Some supporters are using language that flies in the face of the contemporary medical understanding of transgender people — one supporter of the bill used the term “delusional” to describe transgender people. The American Medical Association describes trans and non-binary gender identities as “normal variations of human identity and expression.”

For some women in sports, however, the issue is a matter of protecting another group: people assigned female at birth.

Beth Stelzer, an amateur powerlifter and founder of Save Women’s Sports, said she has relied on sex-separated spaces to feel safe and said the bills transcend politics.

“We are women here saying no. Why is that not enough?” Stelzer said.

Opponents of the legislation repeatedly emphasized that transgender girls are girls, and that the law should help protect them, as well.

“The introduction of these bills adds Wisconsin to a growing list of states that are introducing similar legislation as part of a coordinated effort by national anti-LGBTQ activists to spread myths and misinformation about what it means to be transgender and chip away at support for LGBTQ equality,” said a group of 31 Wisconsin organizations in a statement opposing the bills. “Laws like these do not protect girls’ and women’s access to sport. Instead, they create greater inequality and fail to address actual barriers to access like a lack of resources, lack of training and lack of investment in women coaches.”

Democratic Gov.
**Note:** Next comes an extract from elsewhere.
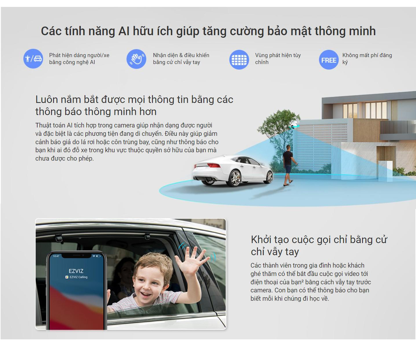 Ở sản phẩm này, nhà sản xuất đã sử dụng các công nghệ AI cho phép nhận diện chính xác người và xe, bắt đầu cuộc gọi bằng cách vẫy tay trước camera, tuỳ chỉnh khu vực ghi hình của camera.
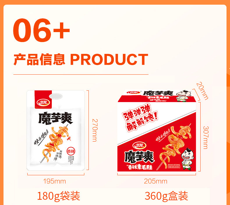 【自营】中国WEILONG卫龙 辣条魔芋丝 魔芋爽 香辣味 18g*20包(360g 盒装)

Tony Evers would almost certainly veto the bills if they pass the Republican-controlled Legislature. While the hearings were underway Wednesday, he tweeted his support for transgender youths, writing that they “deserve our love and support just like any other kid.”

WIAA opposes bills

Dietrich said she did not consult with the Wisconsin Interscholastic Athletic Association or athletic directors in crafting the bill, which she said most closely resembles legislation in Montana.
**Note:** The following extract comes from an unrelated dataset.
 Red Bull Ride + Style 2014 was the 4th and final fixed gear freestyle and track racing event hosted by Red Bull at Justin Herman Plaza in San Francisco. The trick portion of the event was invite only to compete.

The WIAA objects to the legislation, saying the Legislature is inserting itself into the decision-making process of a private, member-driven organization.

“We believe the bill is unnecessary,” the organization said in a statement. “The WIAA serves a diverse membership of private and public schools that has a long history of providing opportunities and creating policies that benefit all student-athletes.”
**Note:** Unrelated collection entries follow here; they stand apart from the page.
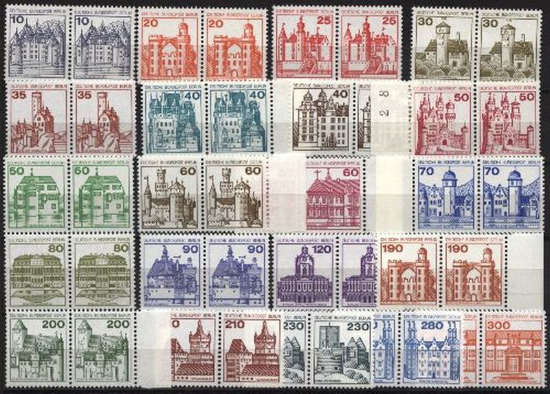 Burgen und Schlösser Berlin 10 Pf. bis 3 DM , , teils mit Seitenrand, 21 Werte, auf eine Steckkarte, in tadelloser Erhaltung.
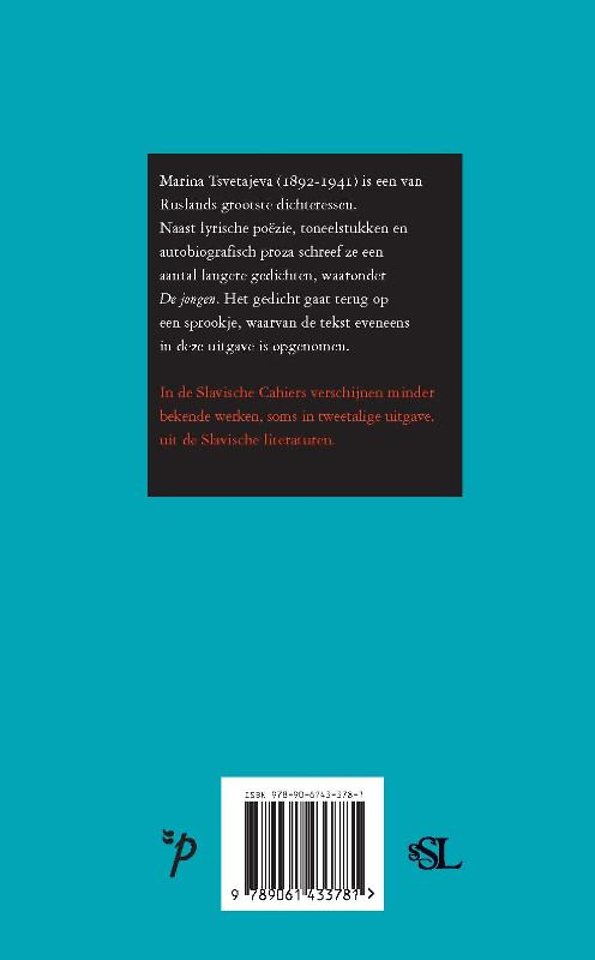 Marina Tsvetajeva (1892-1941) is een van Ruslands grootste dichteressen. Naast lyrische poëzie, toneelstukken en autobiografisch proza schreef ze een aantal langere gedichten, waaronder 'De jongen'. Het gedicht gaat terug op een sprookje, waarvan de tekst eveneens in deze uitgave is opgenomen.
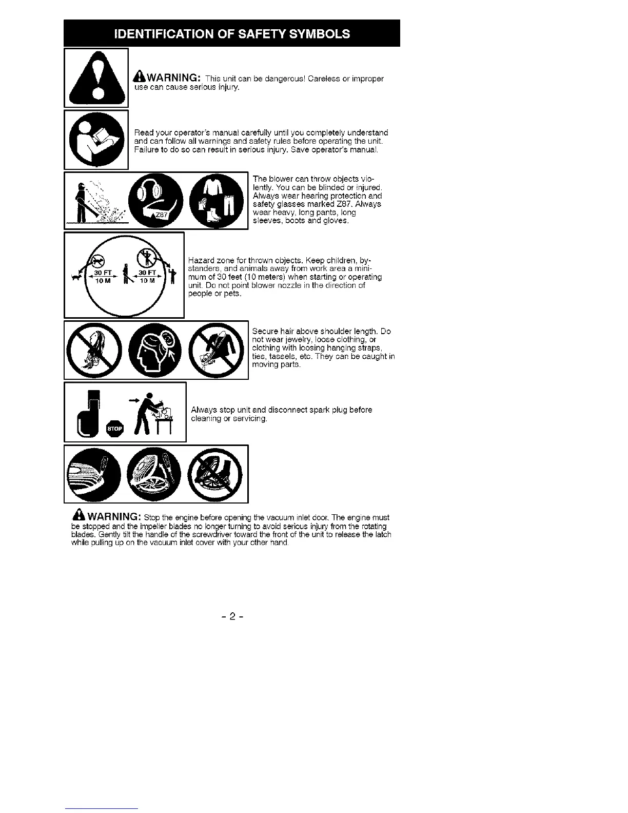be stopped and the impeller blades no longer turning to avoid serious injury from the rotating

The WIAA’s guiding principles are to ensure that transgender students have opportunities to participate in WIAA-sponsored athletics with verification and medical documentation, and that the medical privacy of transgender students is preserved.

It said the legislation is focused solely on the competition aspect of sports instead of the intrinsic benefits derived from participation and inclusion, and that it unnecessarily targets a vulnerable segment of young people.

The proposal to ban transgender athletes from participating in girls sports comes as more high school athletic associations have allowed transgender athletes to play on teams based on their gender identity. The NCAA has trans-inclusive guidelines for all its member schools.

The WIAA has transgender guidelines passed in 2013 that are “committed to ensuring that transgender students have opportunities to participate in WIAA-sponsored athletics.”

Under such guidelines, transgender females must have one calendar year of medically documented testosterone-suppression therapy to be eligible to participate on a female team. A transgender female who has not started testosterone-suppression therapy may participate on male teams if the student desires.

Transgender male students who have started hormone therapy, such as testosterone, are only eligible for male teams. A transgender male student who has not started hormone therapy may still participate on female teams if desired.

The day he took office, Democratic President Joe Biden signed an executive order banning discrimination based on gender identity in school sports and elsewhere.

A federal court blocked legislation in Idaho that banned transgender athletes from women’s sports teams there.